▶ **RECORDS FOR THIS EXERCISE**:
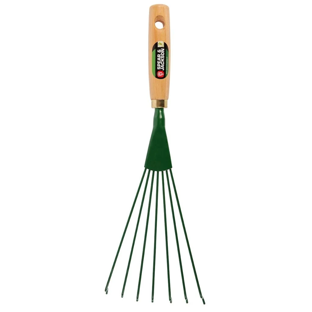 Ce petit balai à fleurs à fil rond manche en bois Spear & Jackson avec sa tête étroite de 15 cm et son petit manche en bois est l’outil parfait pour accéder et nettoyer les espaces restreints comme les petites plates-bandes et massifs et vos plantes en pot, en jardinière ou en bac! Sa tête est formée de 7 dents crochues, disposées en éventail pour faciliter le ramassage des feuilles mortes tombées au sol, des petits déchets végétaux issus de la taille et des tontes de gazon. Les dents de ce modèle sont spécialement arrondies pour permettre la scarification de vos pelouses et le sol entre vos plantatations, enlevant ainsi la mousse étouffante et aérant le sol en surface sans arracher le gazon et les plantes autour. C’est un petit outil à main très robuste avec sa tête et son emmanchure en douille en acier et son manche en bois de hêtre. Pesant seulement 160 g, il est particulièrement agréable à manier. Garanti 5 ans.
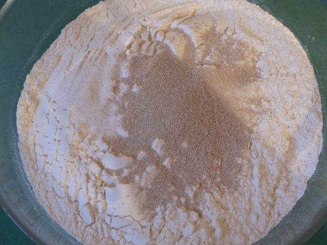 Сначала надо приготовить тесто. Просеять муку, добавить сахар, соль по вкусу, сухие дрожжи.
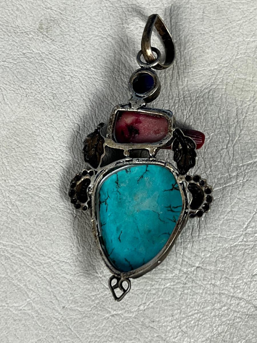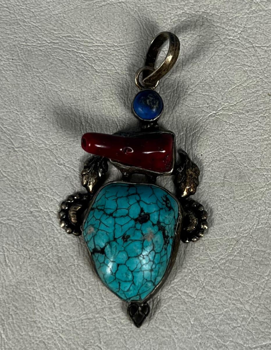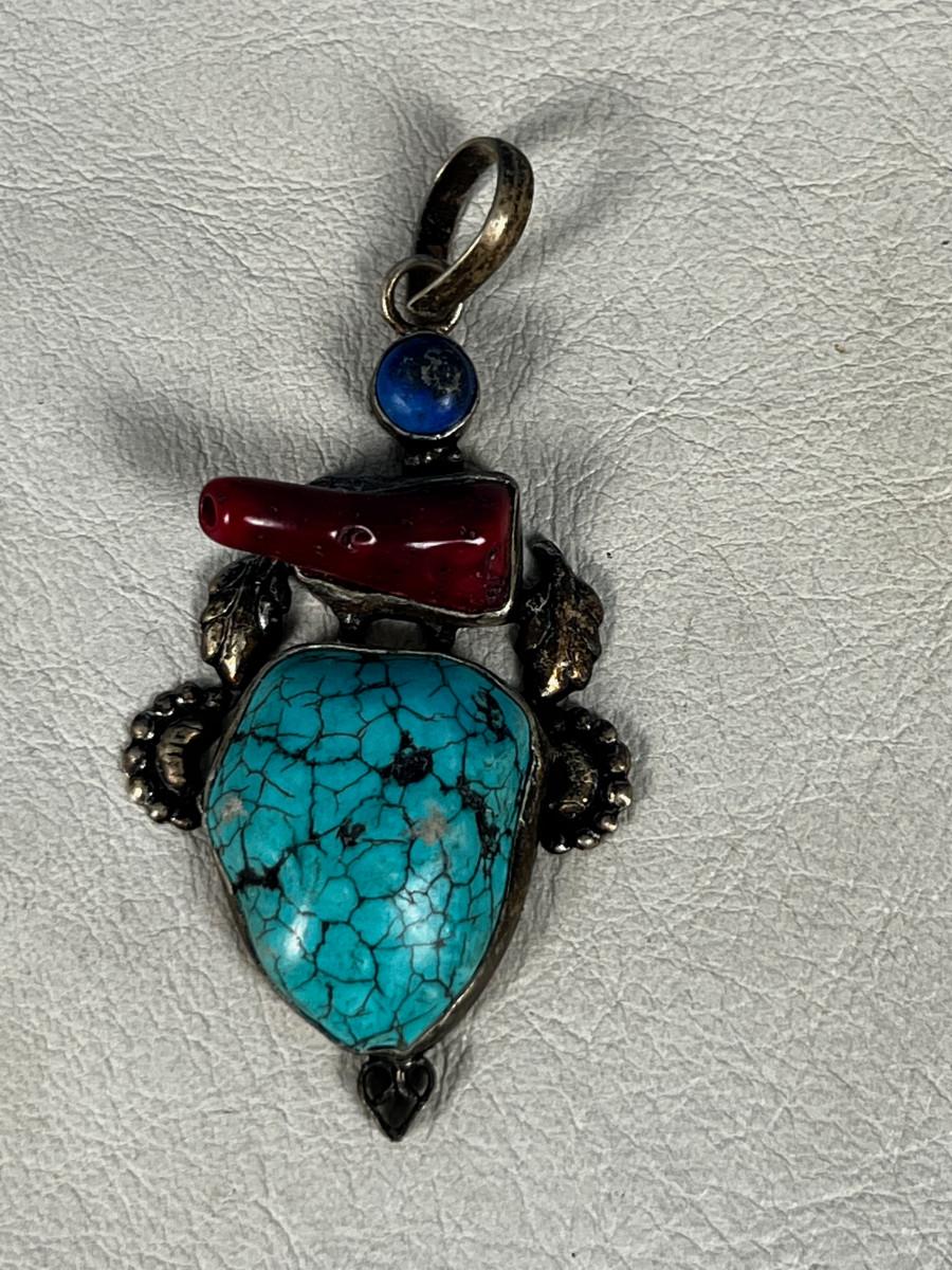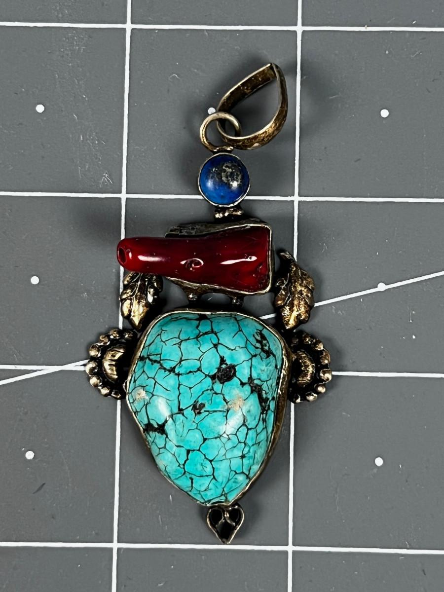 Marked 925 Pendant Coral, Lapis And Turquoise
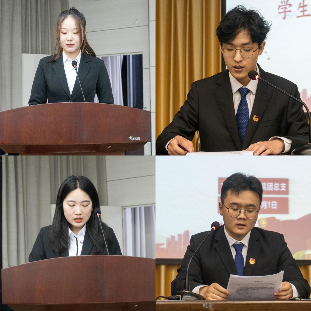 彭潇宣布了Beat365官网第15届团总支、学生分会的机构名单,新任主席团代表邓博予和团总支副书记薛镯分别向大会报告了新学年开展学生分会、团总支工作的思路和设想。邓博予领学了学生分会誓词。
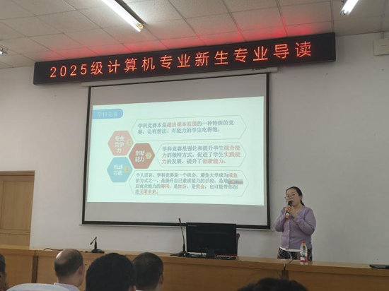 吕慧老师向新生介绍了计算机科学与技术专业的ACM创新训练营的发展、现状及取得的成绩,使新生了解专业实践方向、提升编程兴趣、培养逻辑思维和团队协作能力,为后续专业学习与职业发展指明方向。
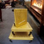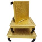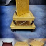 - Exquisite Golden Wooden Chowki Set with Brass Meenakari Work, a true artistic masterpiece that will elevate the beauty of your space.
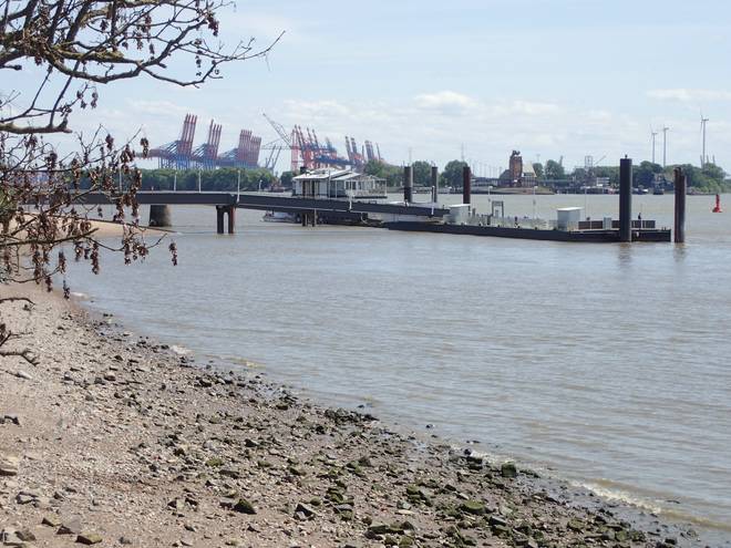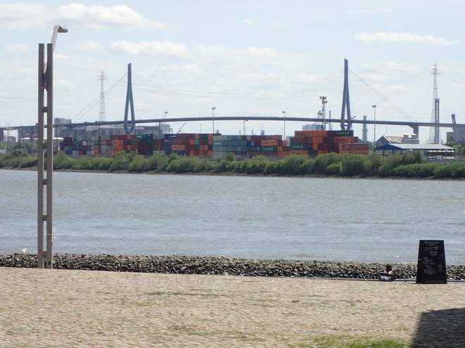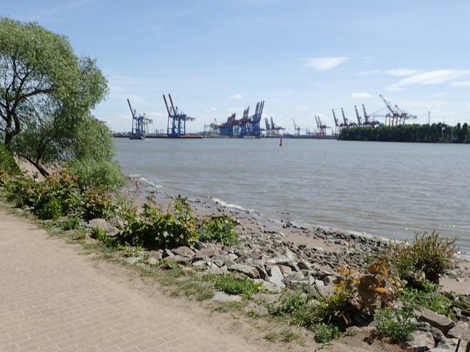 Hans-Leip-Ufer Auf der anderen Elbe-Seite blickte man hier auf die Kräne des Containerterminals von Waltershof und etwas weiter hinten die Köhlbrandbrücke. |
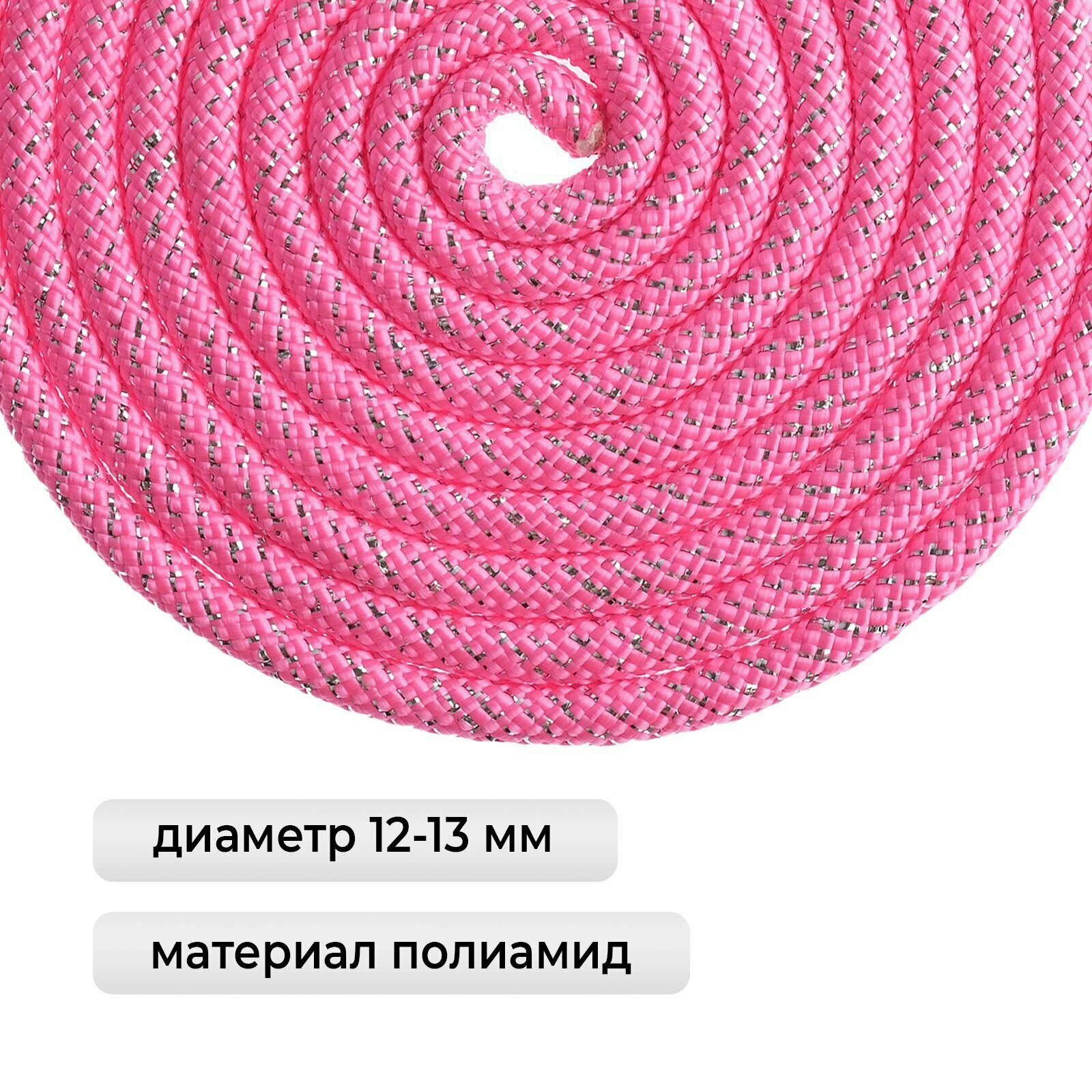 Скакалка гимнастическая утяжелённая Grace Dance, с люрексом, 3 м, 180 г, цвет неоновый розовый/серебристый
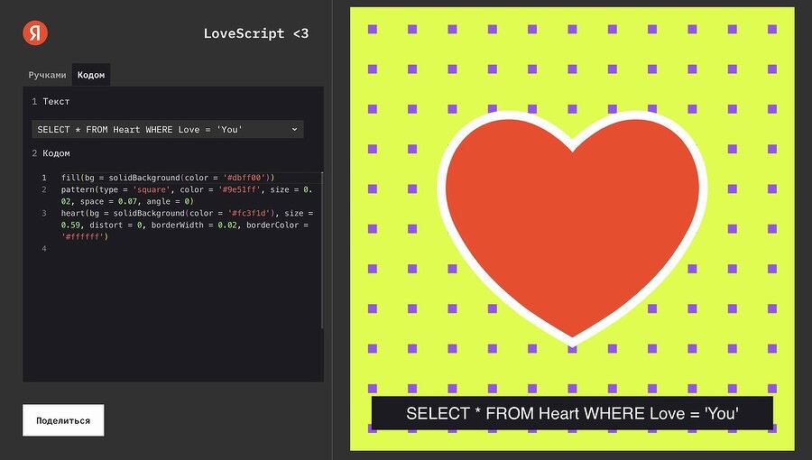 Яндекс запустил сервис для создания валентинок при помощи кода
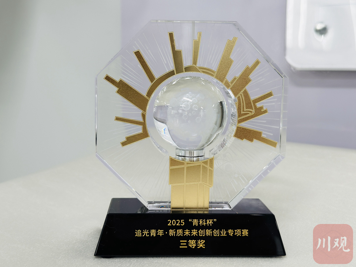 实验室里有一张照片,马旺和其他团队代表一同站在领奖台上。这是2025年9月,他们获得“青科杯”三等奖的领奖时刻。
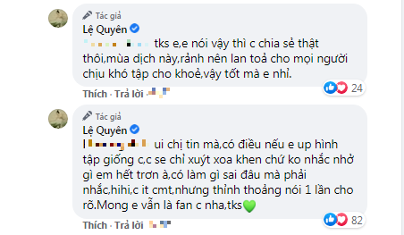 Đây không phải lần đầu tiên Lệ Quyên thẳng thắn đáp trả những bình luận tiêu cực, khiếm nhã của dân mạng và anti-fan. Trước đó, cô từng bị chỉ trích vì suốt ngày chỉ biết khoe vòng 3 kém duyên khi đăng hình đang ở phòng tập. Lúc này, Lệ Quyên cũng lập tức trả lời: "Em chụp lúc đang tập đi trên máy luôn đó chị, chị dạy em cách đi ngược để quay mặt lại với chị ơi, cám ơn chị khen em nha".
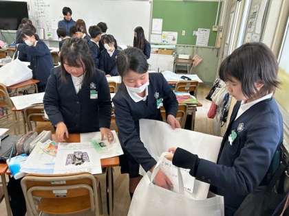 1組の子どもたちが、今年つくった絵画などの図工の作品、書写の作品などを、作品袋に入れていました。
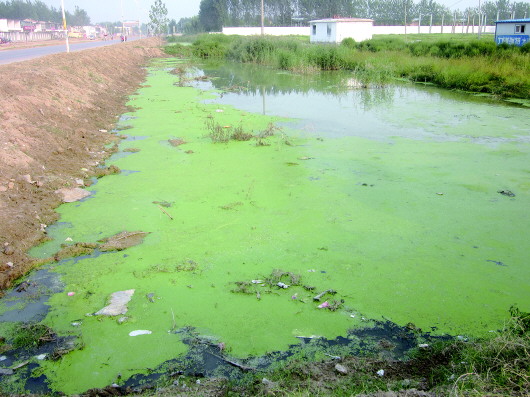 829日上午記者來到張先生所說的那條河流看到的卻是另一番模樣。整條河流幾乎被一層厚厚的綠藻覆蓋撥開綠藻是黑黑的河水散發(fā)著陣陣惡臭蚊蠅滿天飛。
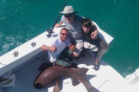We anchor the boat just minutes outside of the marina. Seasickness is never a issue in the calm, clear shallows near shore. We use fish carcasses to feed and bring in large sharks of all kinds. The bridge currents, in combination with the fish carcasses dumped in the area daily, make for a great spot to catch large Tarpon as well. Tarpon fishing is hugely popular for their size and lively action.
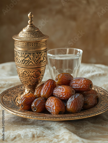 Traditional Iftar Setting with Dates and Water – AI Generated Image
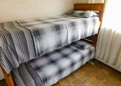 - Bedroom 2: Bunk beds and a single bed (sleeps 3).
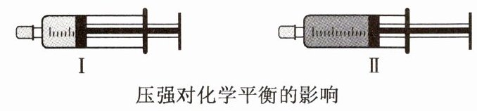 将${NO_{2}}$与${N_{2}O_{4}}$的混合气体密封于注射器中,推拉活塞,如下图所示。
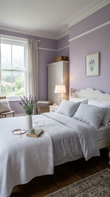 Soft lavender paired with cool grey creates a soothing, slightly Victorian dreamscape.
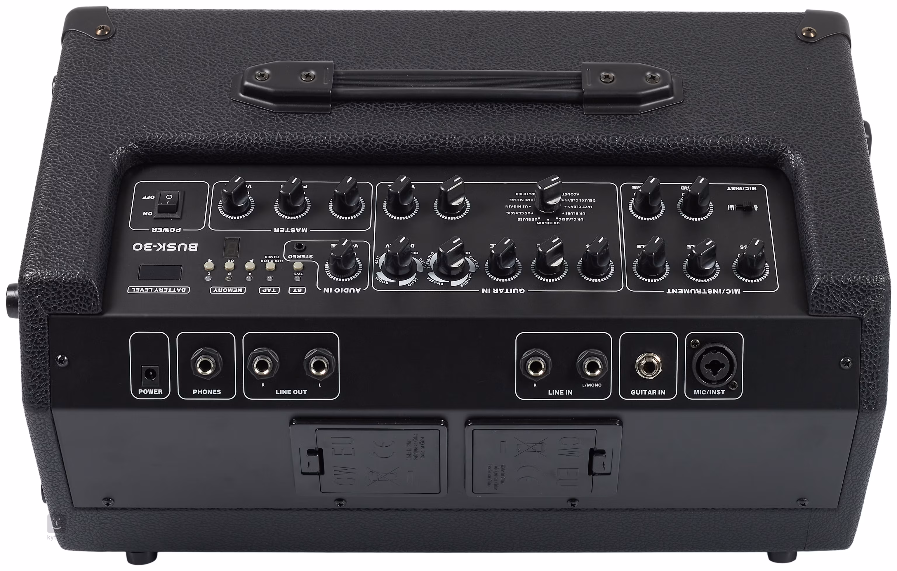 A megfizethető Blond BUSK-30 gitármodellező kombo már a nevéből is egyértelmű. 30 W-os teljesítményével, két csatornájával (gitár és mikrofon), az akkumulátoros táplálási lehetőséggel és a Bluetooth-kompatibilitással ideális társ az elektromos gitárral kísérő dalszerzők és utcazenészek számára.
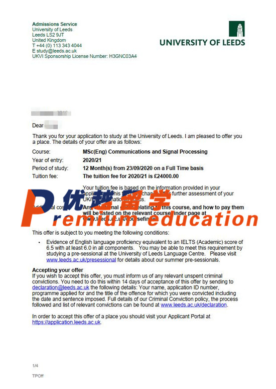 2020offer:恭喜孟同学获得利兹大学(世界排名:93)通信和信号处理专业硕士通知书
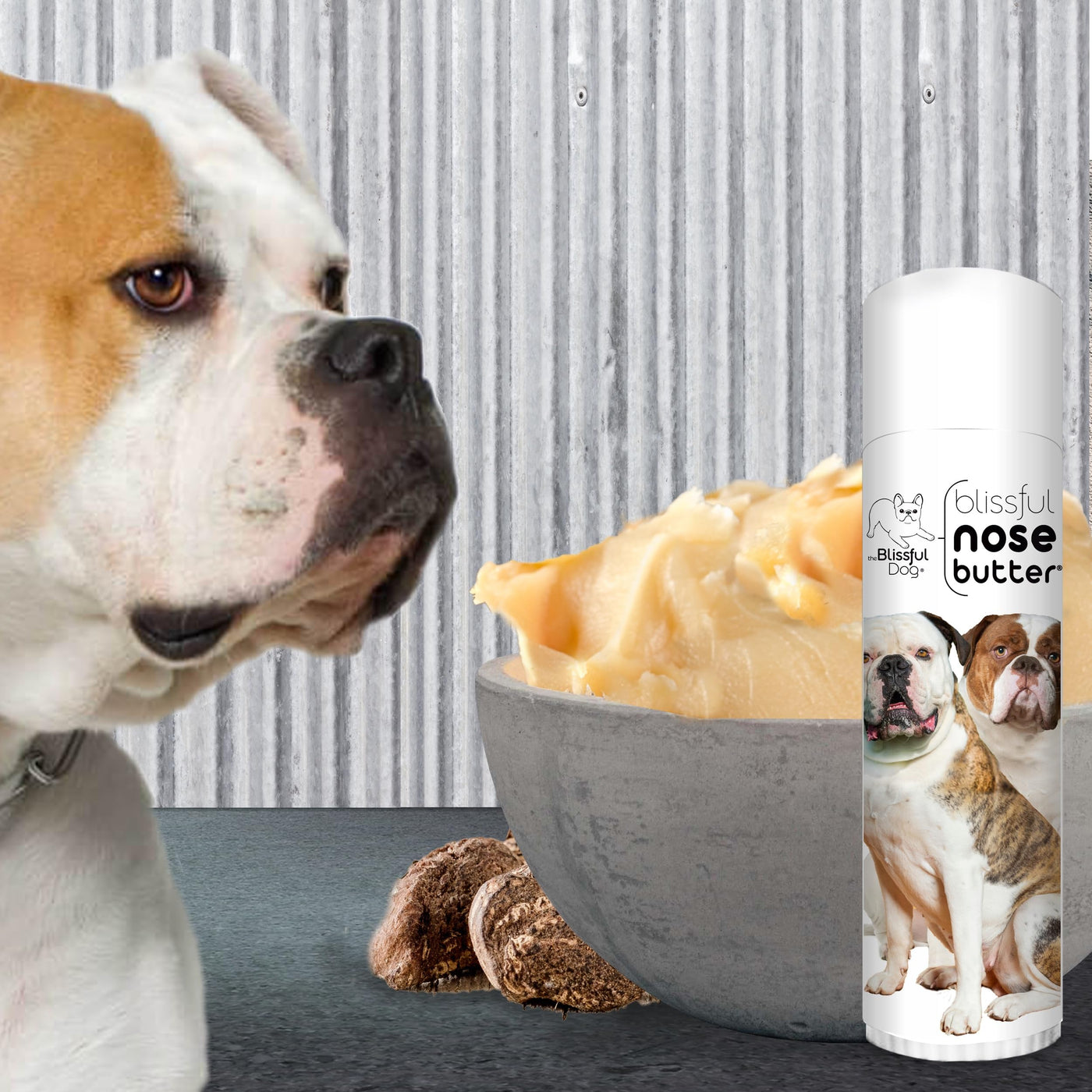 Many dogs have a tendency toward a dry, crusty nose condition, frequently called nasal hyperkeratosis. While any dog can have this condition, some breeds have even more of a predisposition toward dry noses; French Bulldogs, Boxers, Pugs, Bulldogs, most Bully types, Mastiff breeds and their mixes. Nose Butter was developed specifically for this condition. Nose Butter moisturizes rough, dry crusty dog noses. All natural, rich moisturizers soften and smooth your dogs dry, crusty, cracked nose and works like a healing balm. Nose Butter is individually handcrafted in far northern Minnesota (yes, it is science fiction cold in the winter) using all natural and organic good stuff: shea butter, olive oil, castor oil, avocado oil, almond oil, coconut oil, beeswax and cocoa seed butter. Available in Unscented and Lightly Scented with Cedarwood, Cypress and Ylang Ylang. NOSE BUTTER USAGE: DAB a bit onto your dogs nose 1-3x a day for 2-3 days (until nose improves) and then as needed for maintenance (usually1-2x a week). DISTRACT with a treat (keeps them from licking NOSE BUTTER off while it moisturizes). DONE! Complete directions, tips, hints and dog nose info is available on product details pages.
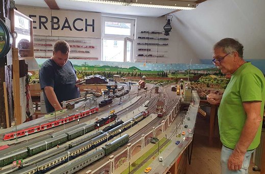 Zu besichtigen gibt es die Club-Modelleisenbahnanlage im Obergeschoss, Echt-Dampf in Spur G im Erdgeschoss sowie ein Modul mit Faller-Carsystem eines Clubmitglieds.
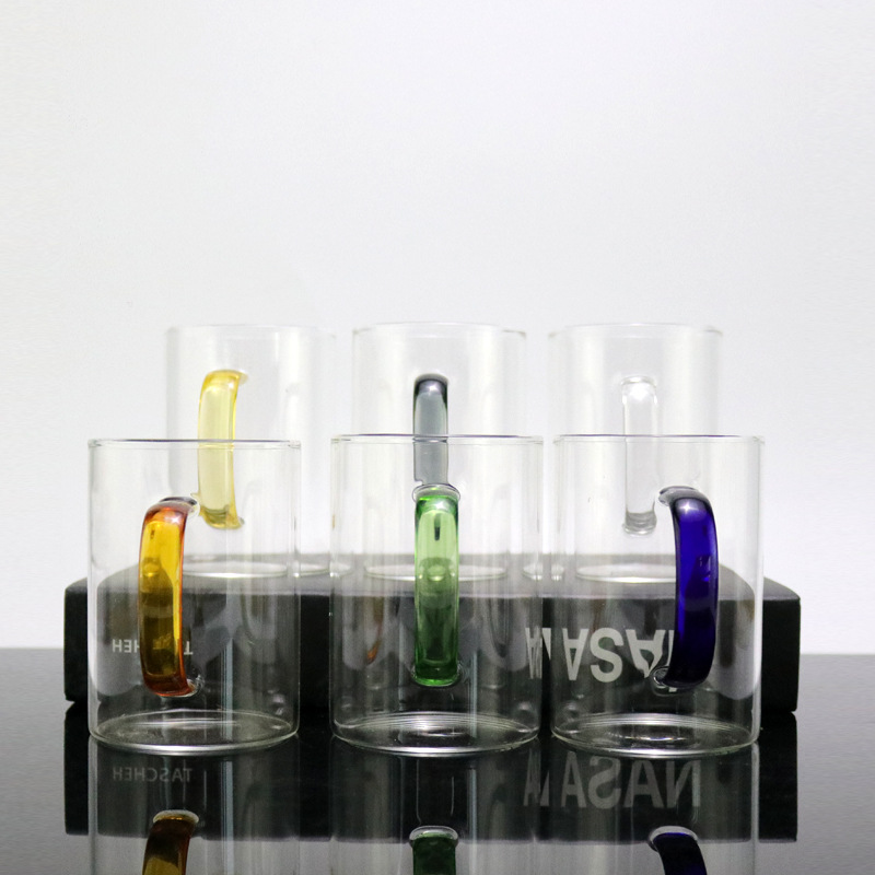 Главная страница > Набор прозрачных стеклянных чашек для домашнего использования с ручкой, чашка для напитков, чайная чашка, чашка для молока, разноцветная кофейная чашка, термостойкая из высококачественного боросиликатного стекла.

▶ **PROBLEM**: Using the data above, return the lines from the one holding "Скакалка гимнастическая утяжелённая" through the one holding "实验室里有一张照片,马旺和其" exactly, but not the pictures.

▶ **TASK RESULT**:
 Скакалка гимнастическая утяжелённая Grace Dance, с люрексом, 3 м, 180 г, цвет неоновый розовый/серебристый
 Яндекс запустил сервис для создания валентинок при помощи кода
 实验室里有一张照片,马旺和其他团队代表一同站在领奖台上。这是2025年9月,他们获得“青科杯”三等奖的领奖时刻。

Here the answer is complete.